FLAIM Database Engine

From Wikipedia, the free encyclopedia

FLAIM
OS: Cross-platform
Use: Development Library
License: GPL
Website: FLAIM

Contents


[edit] Overview

FLAIM is an embeddable database technology, developed by Novell and released in 2006 as an open source project. "FLAIM" is an acronym for FLexible Adaptable Information Management, terms which appropriately describe the fundamental design goals of the technology. Even though FLAIM provides many traditional database features (e.g., transactions, recovery, reliability, scalability), it was conceived with a broader view toward the flexibility and adaptability that is offered by an XML data model. FLAIM is not new; various products have used FLAIM (notably Novell's GroupWise and eDirectory) for over 15 years with user licenses totaling well into the hundreds of millions.

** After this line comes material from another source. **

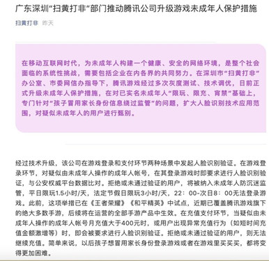 6月25日消息,日前,“扫黄打非”微信公众号发布消息表示,在深圳市“扫黄打非”办公室、市委网信办指导下,腾讯游戏正式升级未成年人保护措施,在对已实名未成年人“限玩、限充、宵禁”基础上,专门针对“孩子冒用家长身份信息绕过监管”的问题,扩大人脸识别技术应用范围,对疑似未成年人的用户进行甄别。
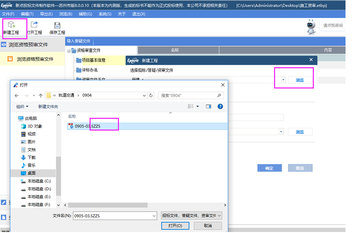 新建項目:點擊菜單欄上的文件>新建,或者點擊工具欄上的<新建工程>。點擊<瀏覽>選擇資審文件(*.SZZS格式)或者資審答疑文件(*.SZCS),點擊<打開>。在【創(chuàng)建新的工程文件】界面中投標工程文件的名稱是從資審文件中獲取的,然后點擊工程文件存放路徑的瀏覽按鈕,會彈出保存緩存件(*.etbp格式)的存放位置,請自行選擇保存位置并牢記位置,點擊確定即新建完成,進入投標文件制作界面。

FLAIM is similar to other embeddable database engines such as SQLite and Sleepycat/Oracle's Berkeley DB. To access the functionality offered by FLAIM, an application merely needs to link against either a static or dynamic version of the FLAIM library. FLAIM has been ported to a wide variety of 32- and 64-bit platforms, including SUSE Linux Enterprise Server, OpenSUSE, NetWare, Microsoft Windows, Fedora Core, Ubuntu Linux, Sun Solaris, AIX, Mac OS X, and HP-UX.

[edit] FLAIM Features

[edit] Transactions

  • Transaction begin, commit, abort. Use of rollback log for transaction abort and for recovery after a crash.
  • Transaction types:
    • Update. Update, read, and query operations allowed.
    • Read. Only read and query operations allowed. Read transactions provide a read consistent snapshot of the database as of the point in time the transaction is started.
    • Automatic. Single update operations may be told to automatically begin and end (commit or abort) a transaction if no transaction has been explicitly started.
  • Automatic rollback of failed transactions (due to application failures or CPU failures).
  • Periodic checkpoints to minimize recovery time after a system crash.
  • No limit on size of update transactions.
  • ACID principles supported: Atomicity, Consistency, Isolation, Durability.
  • Group Commit allows multiple update transactions committed to disk at once to enhance update performance.

[edit] Roll-forward Logging

  • Use of roll-forward log to minimize data that has to be written to commit a transaction.
  • Roll-forward log is used in automatic recovery after a crash. Transactions that were committed since the last checkpoint will be redone.
  • Multiple roll-forward log files may be used to support continuous backup feature. Files are numbered sequentially and are also identified with serial numbers to guarantee proper sequencing - no spoofing. Up to 4 billion log files supported - capacity is practically unlimited.
  • Option to use only a single roll-forward log file - for applications that do not care about continuous backup.
  • Roll-forward log files may be stored on a separate disk from rest of database.
  • Minimal transaction logging. Only deltas logged for record modifies. Only DRNs logged for record deletes.
  • Aborted transactions can be logged for debug purposes, but default is to not log them.
  • Support for logging of application data.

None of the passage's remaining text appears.